Yes. So first of all, 5% is absolutely not the limit. We have, in fact, done a quarter of our deals that are north of 5% in recent time. So there's a range and it depends on the nature of the interaction and how much work we're doing, how much value we're bringing. We are focused on bringing more and more value to therapeutic antibody discovery and development. That is why we're making the investments in forward integration. It's also why we make an investment in the platform generally, while adding new technology, such as the OrthoMab platform, or CMS, rodents [ph] and some of the other technologies that we are either building organically or that we have acquired. If we connect with the right partner that has a great idea, the innovation, we can take our capabilities with theirs, and we've made the pie bigger, that allows us to create value through that partnership. And then the discussion is how best to split that so that both parties come away enriched from the engagement and can better meet their goals. If we are doing the work that goes all the way from discovery, right through to carrying a lot of load into an IND filing, we would of course, expect to have a much deeper participation than if we're doing the discovery and handing off candidates or leads as some of our early work has done. So, we expected that forward integration will be used primarily with programs where we have a much deeper participation than is our difficult deals. And that is in part because we're doing my work. And also, of course, because we believe with technology, we can make that much faster, and give that program a competitive advantage.

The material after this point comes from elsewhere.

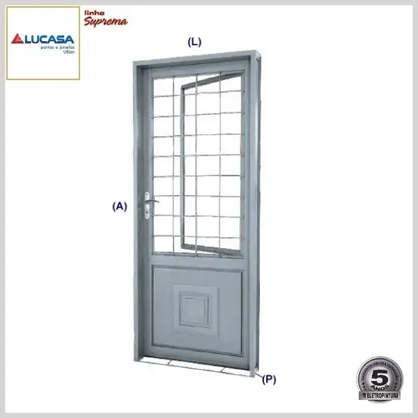 > Porta de Giro (Aço, Linha Suprema) Folha Postigo Almof.+Grade Quadrada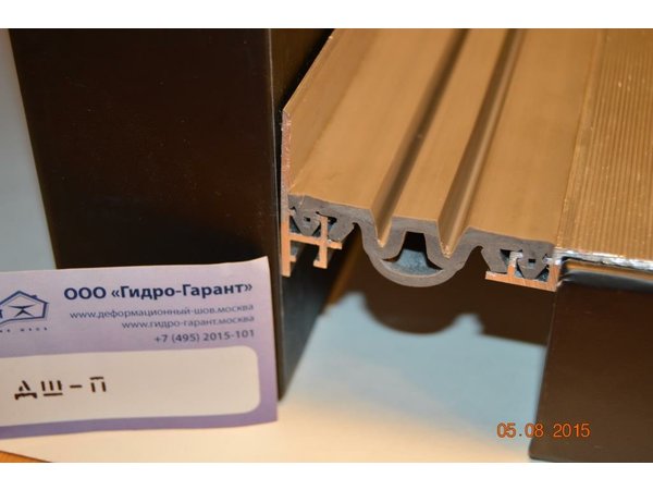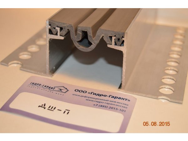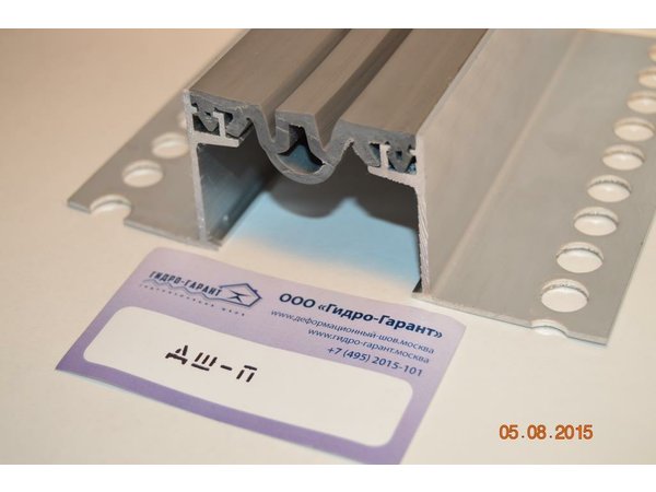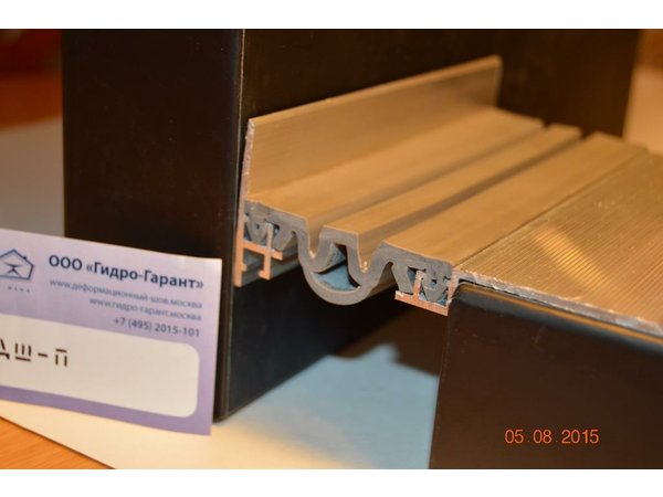 Деформационный шов ДШ-П состоит из алюминиевых направляющих и компенсатора из ПВХ или ТЭПа. Конструкция шва препятствует попаданию внутрь шва грязи, обеспечивает водонепроницаемость и устойчивость к износу. Швы не требуют проведения профилактических работ и устойчивы к старению. При выходе из строя компенсаторы могут быть легко заменены. Алюминиевый профиль накладной может быть окрашен в любой цвет по каталогу RAL. Компенсатор также может быть изготовлен в любом цвете по желанию заказчика.

Okay. Thanks. And then just given the current downturn in the public markets, and then that potentially spilling over into the private markets, do you think that'll have a meaningful impact on your ability to attract new partners either positively or negatively?

Yes. That's a great question. I could probably make arguments that went both ways. I think our initial interactions have shown that it's perhaps more of an opportunity than a headwind. And one of the reasons I say that, particularly for private companies is when you are starting out and you're looking at a path where you need to build capabilities, it is much more capital efficient in terms of cash to work with AbCellera. You say yourself a lot of time, a lot of runway, and the investment that it would otherwise take to put that in place. And then of course, we can help them in that way, accelerate those programs, and in doing that, have created value for them and take a deeper position in those programs that, of course, has paid off primarily on success. And because we build a portfolio, we're able to look at those transactions in a rational way, whereas a smaller company really needs to preserve cash early on in its lifetime. And even more so when the markets get more difficult, which may well transfer from what's happened in the public markets into the private markets.

Great. Thanks.

I'm showing no further questions at this time. I would now like to turn the conference back to Dr. Carl Hansen, Chairman, CEO and President for any closing remarks.

Thanks. I just would like to thank everyone for joining us today. We had a terrific year. It's been a very exciting time for AbCellera and we're looking forward to keeping you updated on our future progress on future call. Thanks so much.

Ladies and gentlemen, this concludes today's conference call. Thank you for your participation. You may now disconnect.